How to rectify "time lost " by pendulum clock by alteration in its length?

Question

question:

If a clock loses $5$ seconds per day ,what is the alteration required in the length of pendulum in order that the clock keeps correct time

$(a)\dfrac{4}{86400} $times its original length be shortened

$(b)\dfrac{1}{86400}$ times its original length be shortened

$(c)\dfrac{1}{8640}$ times its original length be shortened

$(d)\dfrac{4}{8640} $times its original length be shortened

my attempt:

there are $86400$ seconds in a day

but clock is slow so it only counts $86395$ seconds

so, the factor by which clock is slow is $\dfrac{86395}{86400}=0.99994212$

so, new pendulum's length should be $\left(\dfrac{86395}{86400}\right)^2\times$(original length)
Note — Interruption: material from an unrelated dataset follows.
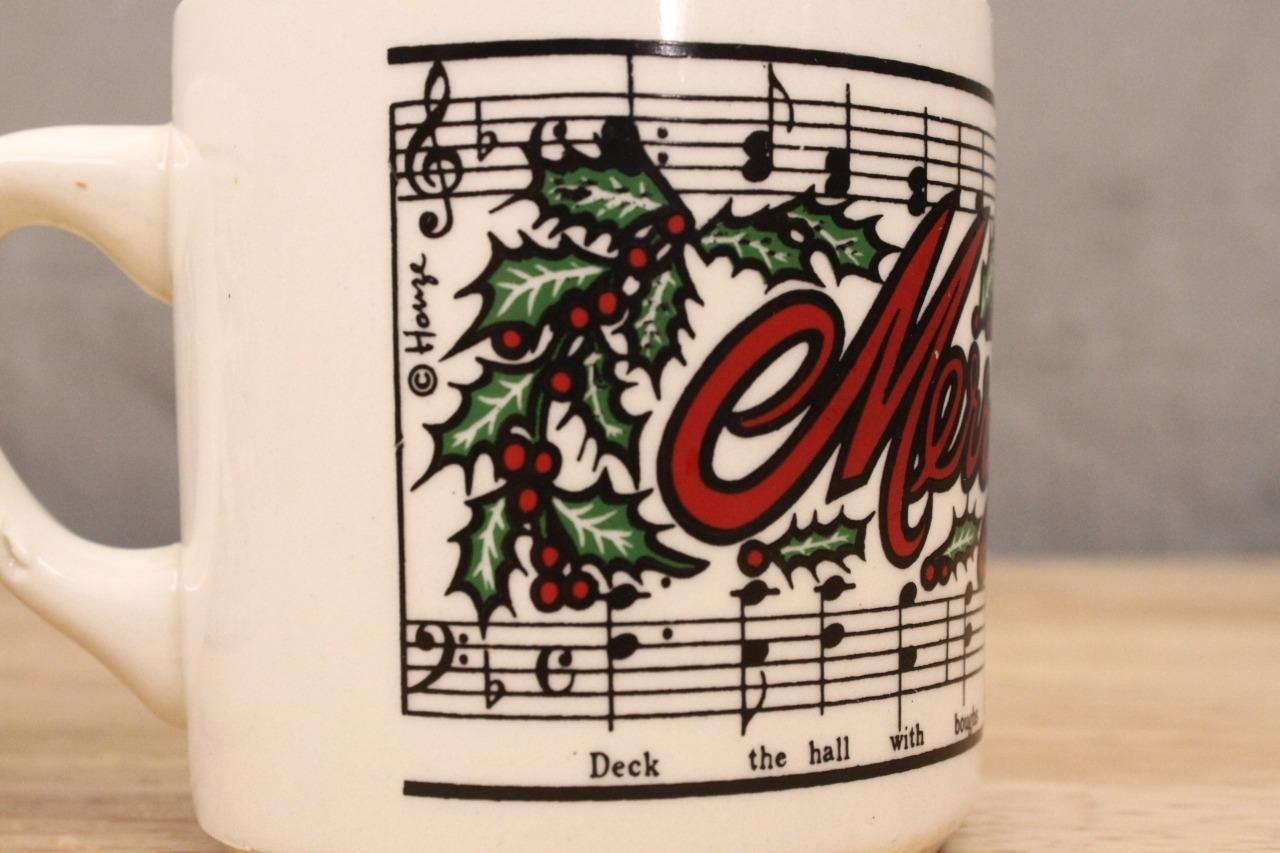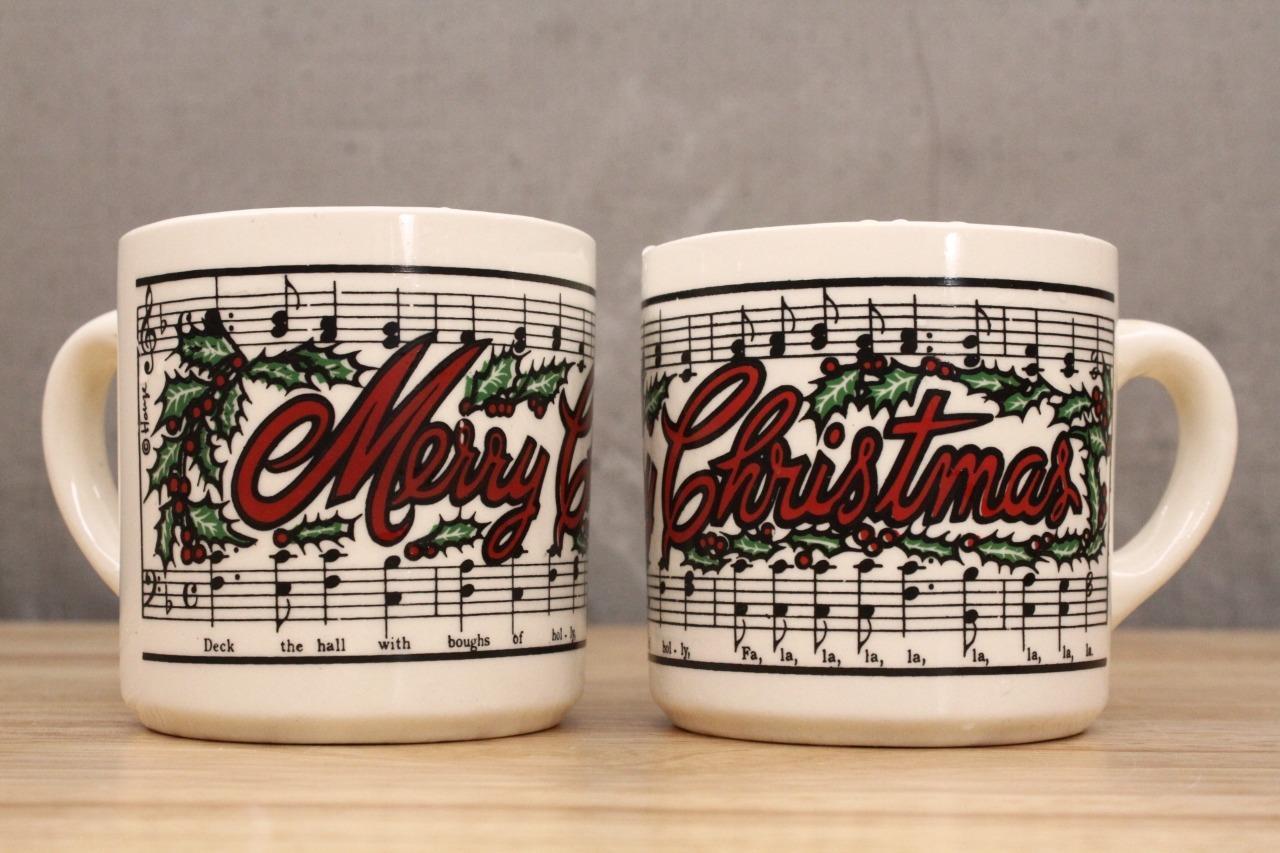Vintage USA Stoneware MERRY CHRISTMAS Deck The Halls Sheet Music Coffee Mugs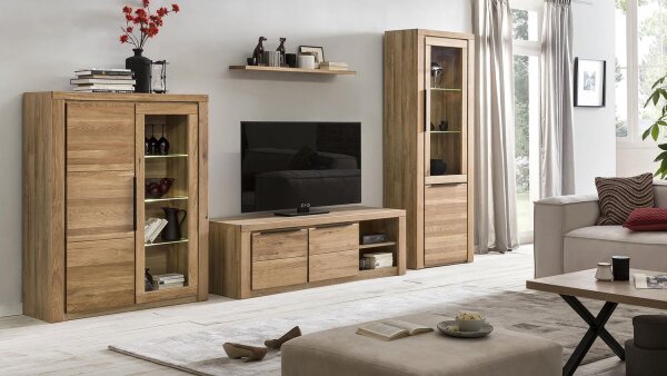 Wohnwand GRETA in Eiche teilmassiv, 4-teilig

but none of the options are matching my answer

please tell me right approach to solve this problem

thank you!

Answer 1

$$1-\left(\dfrac{86395}{86400}\right)^2 = 1-\left(1-\dfrac{5}{86400}\right)^2 = 1-\left(1-\dfrac{10}{86400}+\dfrac{5^2}{86400^2}\right) = \dfrac{1}{8640}-\dfrac{1}{298598400}$$ which suggests to me that you might be expected to give answer $(b)$

Answer 2

I think none of the answers are right. Based on this description of pendulum motion, the period $T$ is related to length $L$ as $$T = 2\pi \sqrt{\frac{L}{g}}$$ Let $L_s$ be the length of the currently slow pendulum and $L$ the desired length of the pendulum. Since you want the difference as a ratio to apply to $L_s$, that is ${L}/{L_s}$, then set this up as a ratio on $T$: $$\frac{\sqrt{L}}{\sqrt{L_s}} = \frac{T}{T_s}$$Note that the $2\pi$ and $g$ terms divide out. Then,$$\\ \frac{{L}}{{L_s}} = \bigg(\frac{T}{T_s}\bigg)^2 = \bigg(\frac{86400}{86400+5}\bigg)^2$$I don't think any of those choices reduces to this.